### Your instructions
An exact copy is required of every line from the one with "Okvir je izrađen" through the end of the data below, and the pictures must stay out of it.

### Information supplied
- Opening Delimiter -

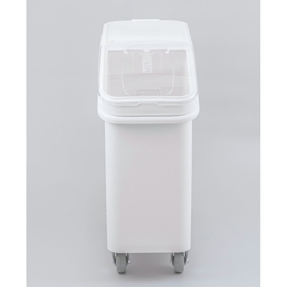 Виготовлений з поліпропілену (прозора кришка з полікарбонату) на колесах і призначений для зберігання та розтарювання різних сипких продуктів.
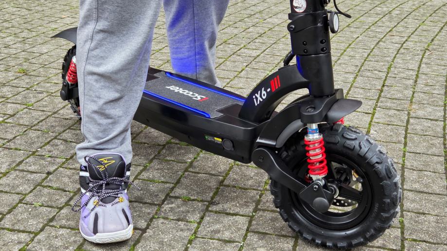 Okvir je izrađen od kvalitetne aluminijske legure, izgleda moderno i čvrsto, a široka platforma za stajanje omogućuje stabilan stav i sigurnu vožnju. Sveukupno, iScooter iX6 je skuter koji pruža snažan dojam u vožnji — pouzdan je, udoban, stabilan i iznimno praktičan.
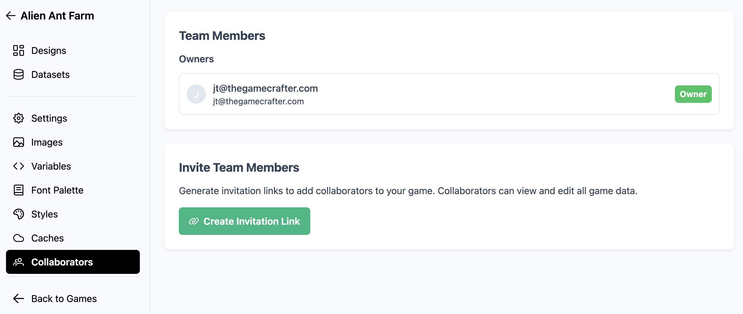 If you want someone else to be able to work on your game with you, you can add them as a collaborator. They have to have an account on the site, and then you can search by name, username, or email address.

- Closing Delimiter -

### Problem solution
 Okvir je izrađen od kvalitetne aluminijske legure, izgleda moderno i čvrsto, a široka platforma za stajanje omogućuje stabilan stav i sigurnu vožnju. Sveukupno, iScooter iX6 je skuter koji pruža snažan dojam u vožnji — pouzdan je, udoban, stabilan i iznimno praktičan.
 If you want someone else to be able to work on your game with you, you can add them as a collaborator. They have to have an account on the site, and then you can search by name, username, or email address.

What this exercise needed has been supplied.